Morris grew up in Greenville, S.C., a little haven nestled in the foothills of the Blue Ridge Mountains. Her father Harry is a geologist and he always liked to take his daughter camping. Through their explorations, Morris fell in love with nature, rocks and animals.
“God bless my mother,” Morris laughed. “She would let me have every animal I wanted. But her rule was if you don’t take care of it, [she was] going to get rid of it.”
One day, Morris begged her mother to take her to an exotic animal exhibit, after which she took home a flying squirrel named Rufus.
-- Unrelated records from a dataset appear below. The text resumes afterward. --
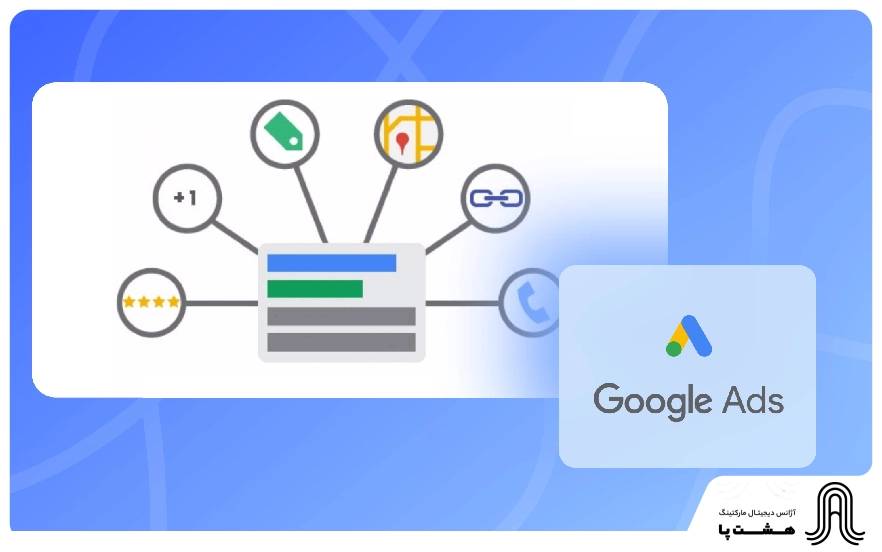 افزونه گوگل ادز یا افزونه تبلیغات گوگل (Google Ads Extension) بخشی از تنظیمات تبلیغات در گوگل است که به شما امکان میدهد اطلاعات بیشتری را در کنار آگهی خود نمایش دهید. این اطلاعات میتواند شامل لینکهای داخلی سایت، شماره تماس، آدرس، قیمت محصولات یا حتی تصویر و تخفیفها باشد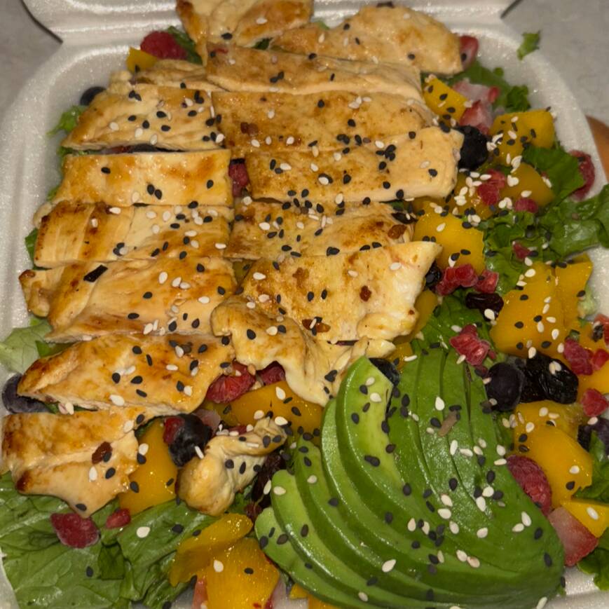 Ensalada acompañada de frutos rojos, frutos secos, mango, pechuga asada y aguacate.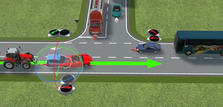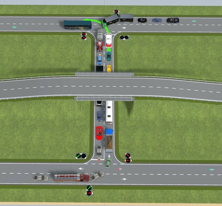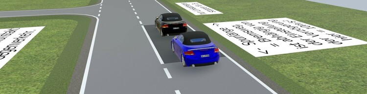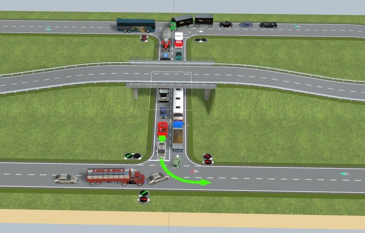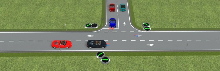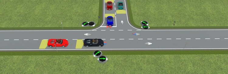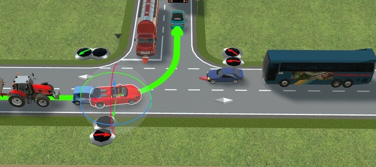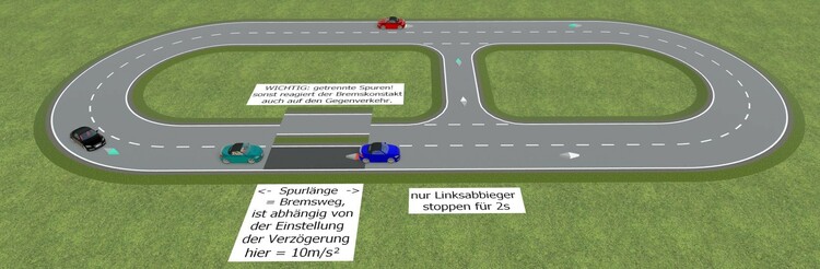Hallo Thomas, über einen kleinen Umweg geht das. Hier ein Beispiel mit nur einem Bremskontakt. Linksabbieger warten 2s bevor sie weiterfahren. "Geradeaus" fahrende Fahrzeuge fahren durch und stoppen nur hinter den Linksabbiegern, wie es sich gehört. Wird natürlich durch den Blinker angezeigt. Nur ein Bremskontakt.mbp Den Gegenverkehr habe ich in der Demo zum Testen erstmal weggelassen. Noch nicht perfekt, aber ausbaufähig. Viele Grüße, Hawkeye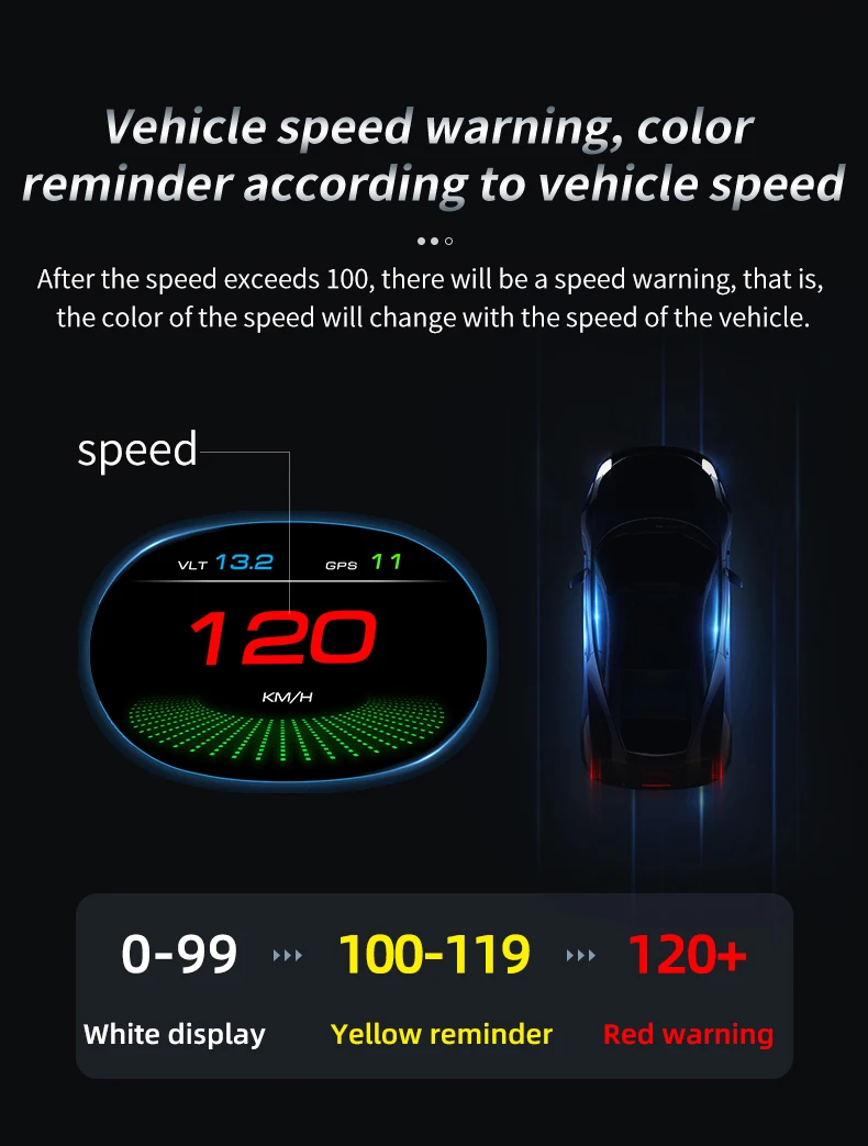 2. Отображение информации о режиме GPS: скорость, время в пути, Спутниковое время, высота, количество спутников, направление движения, один пробег, напряжение, испытание на ускорение, испытание тормозов.Сигнализация: сигнализация с превышением скорости, сигнализация с низким напряжением, свободное переключение между километром и милями.Способ навигации:Необходимо загрузить программное обеспечение приложения, HUD и смартфон для беспроводного подключения по Bluetooth, информация о навигации будет отображаться синхронно через приложение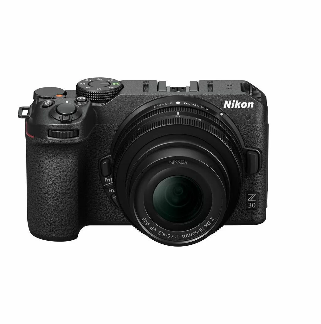 NIKON Z30 Z DX 16-50mm f/3.5-6.3 VR (kit) — это компактная беззеркальная APS-C камера, оптимизированная для видеоблогеров и создателей контента (20.9 Мп, 4K видео без кропа). В комплекте идет универсальный стабилизированный объектив. Камера имеет полностью поворотный сенсорный экран, отличный автофокус с распознаванием глаз, встроенный стереомикрофон и возможность питания через USB-C.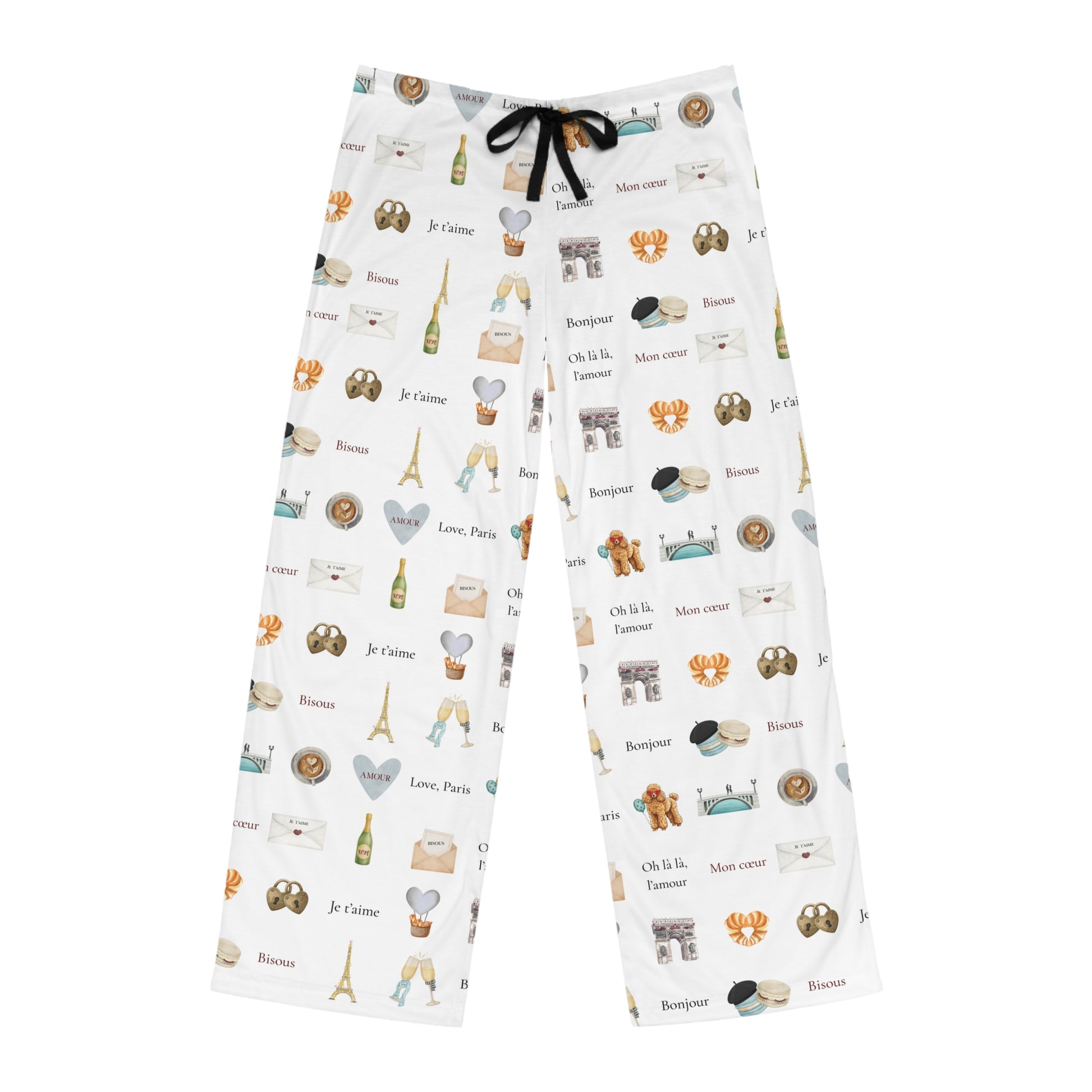 Product features - Soft 100% polyester jersey for bright, crisp print and lightweight comfort - All-over print covers the entire garment with Paris-themed motifs - Relaxed comfort fit with back elastic and adjustable black drawstring waist - Durable double-needle stitching on all seams and white seam thread - Lightweight fabric (6 oz/yd²), sewn-in care label, assembled in the USA Care instructions - Do not dryclean - Do not iron - Tumble dry: low heat - Do not bleach - Machine wash: cold (max 30C or 90F)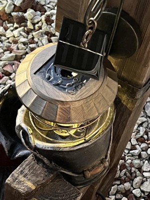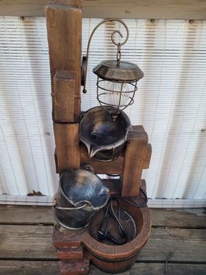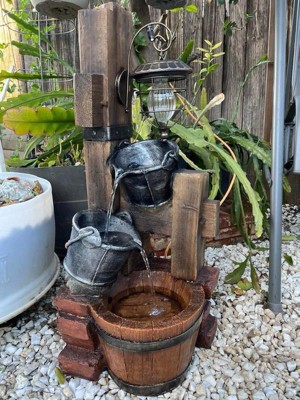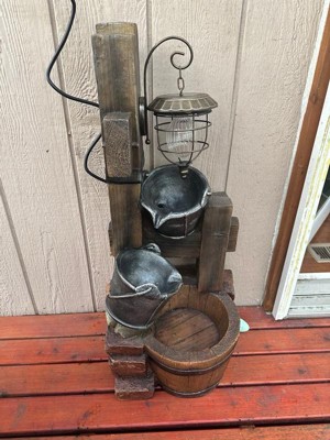 Sunnydaze 34"H Electric Polyresin Rustic Pouring Buckets Outdoor Water Fountain with Solar Lantern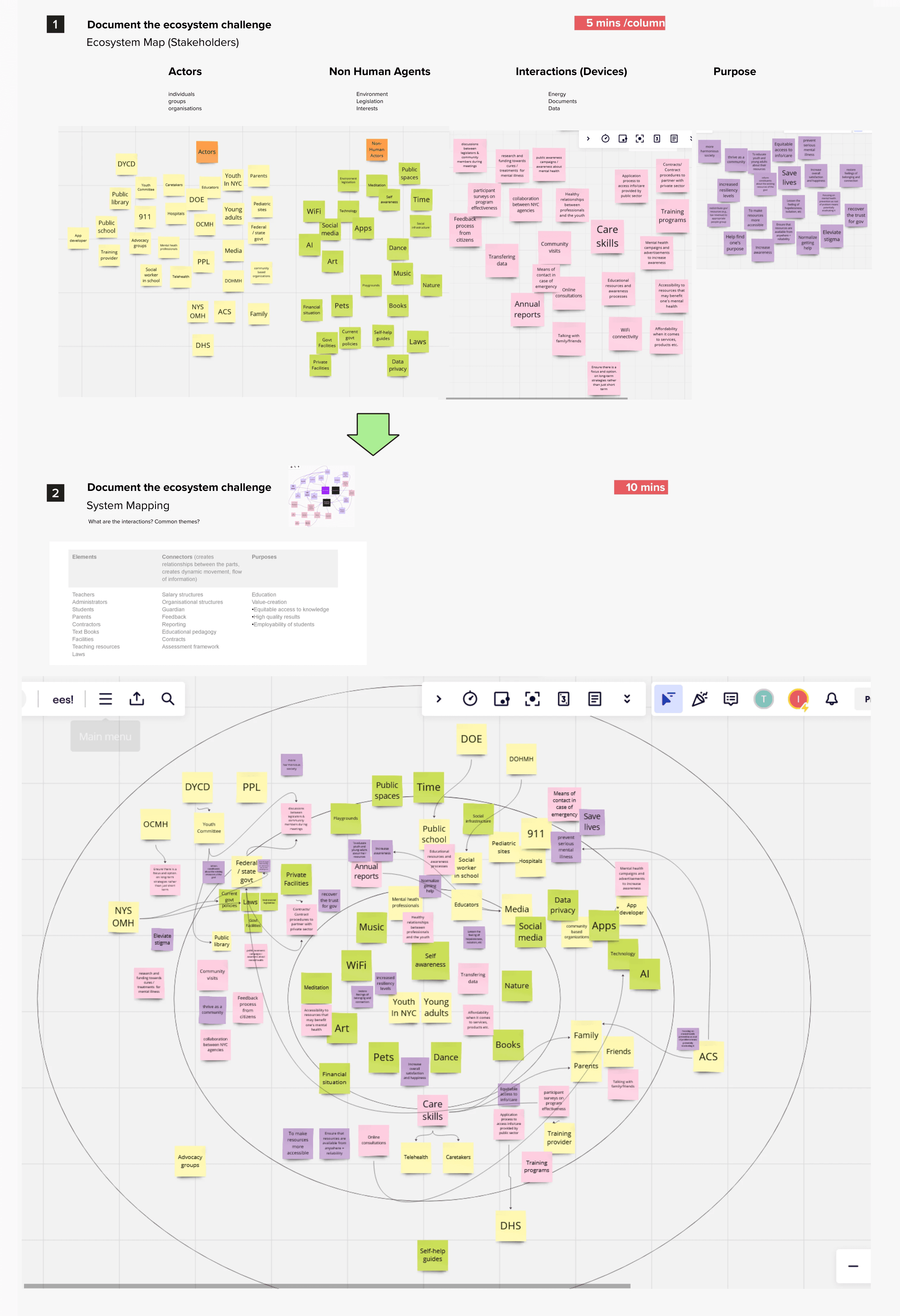An ecosystem map was first used to understand the stakesholders at large. In addition, an empathy map, domain map, and assumption map were also utilized to understand: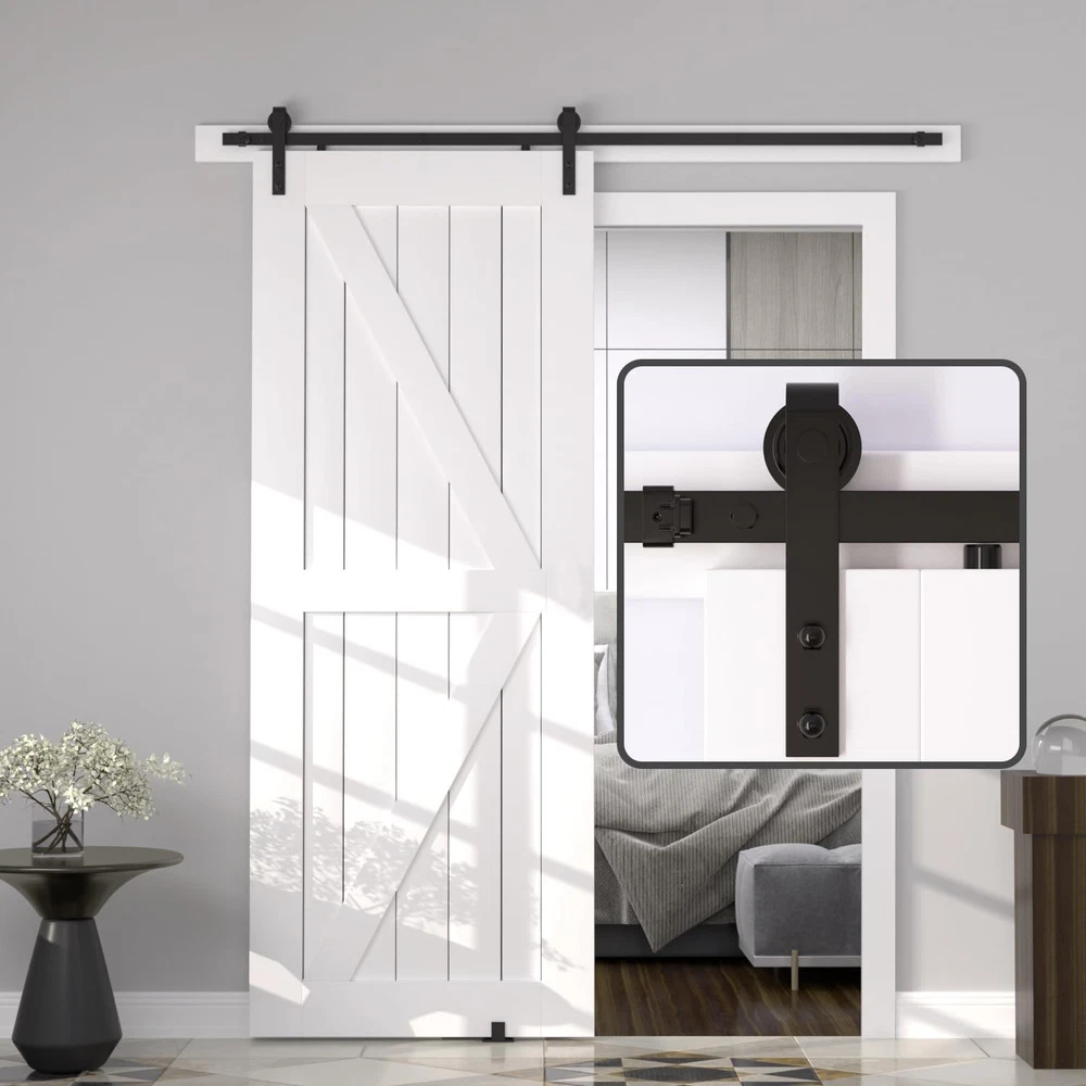 Basic Info: Barn door hardware kit maximum hold barn door for 265 lbs, Fit for door panel thickness from 1.375" to 1.75", Fit for door panel width up to 36"(door not included). Strong and Durable: Barn door track are made of high standard carbon steel with black powder coating, This greatly increases the robustness of the barn door track and makes it water, dust and rust resistant, all attributes that allow the entire barn door hardware kit to maintain long-term stable operation. Smooth and Quiet: Sliding door kit is based on the POM made wheels(2 bearings inside wheel), which allows the barn door system to slide more silky smoothly and quietly and does not easily cause wear and tear on the track. Less Space Ocuupy: Compared with normal sliding doors, barn doors and hardware included are more space-saving, the space behind your door is not bound, you can easily stack items behind the door, it is your space becomes more neat, this is the biggest reason why we choose barn door system. What Included: 5* barn door track(combine to 6ft), 2* barn door rollers, 2* door stoppers, 2* anti-jump pads, 1* floor guide, 1* maunal. Incase you get any confusion on installation or missing parts ,kindly contact us via amazon ,we may get back to you in 24 hours. "ONLY BARN DOOR HARDWARE KIT FOR SALE, BARN DOORS ARE NOT FOR SALE."

Remember the rule was that Morris had to take care of all of her animals or else she’d lose them—reptiles, snakes, fish, birds and all—so she took her father’s saw and built Rufus his own wooden cage.
Her latest addition to the pet family is a little Greyhound puppy named Rango who likes to run with Morris at practice.
Besides her love for animals, Morris has a passion for art and music. She grew up playing violin and taught herself acoustic guitar. Though training for trials has occupied a lot of her time, she uses her rest periods to write songs or make music videos. If she’s tired, she’ll be curled up in one of her blankets, which she happens to collect.
“If I go to any home-goods store and I see a comfy throw, it’s really hard for me to refrain from getting a new soft blanket,” Morris said. “I guess I am a squirrel who likes to nest.”
On the mend and off to trials
It will soon be time for the Sandi “The Flying Squirrel” to soar in Eugene, Ore., where the qualifying round of the pole vault is set to kick off on Friday. But there’s one challenge Morris has to face when she steps onto the runway. In May, she snapped a pole and broke her left wrist at a meet in the Czech Republic. But that wasn’t going to stop her from training as much as she could.
“We just had to get really creative with my training for all the times I couldn’t use my arm,” Morris explained.
With her arm now healed but still achy, Morris is just getting back to vaulting. The doctors said that her wrist is probably going to bother her throughout the competition, but because of all of the reading she’s done, all of the coaching she’s had and all of the falls she has taken just to get up again, Morris knows how to focus. Only a fearless squirrel makes it to the other tree.
“It’s going to be about confidence,” said Morris. “It will mean even more to me if I make it than if I didn’t have this injury. As long as I am confident going into Trials, I can still make this Olympic team.”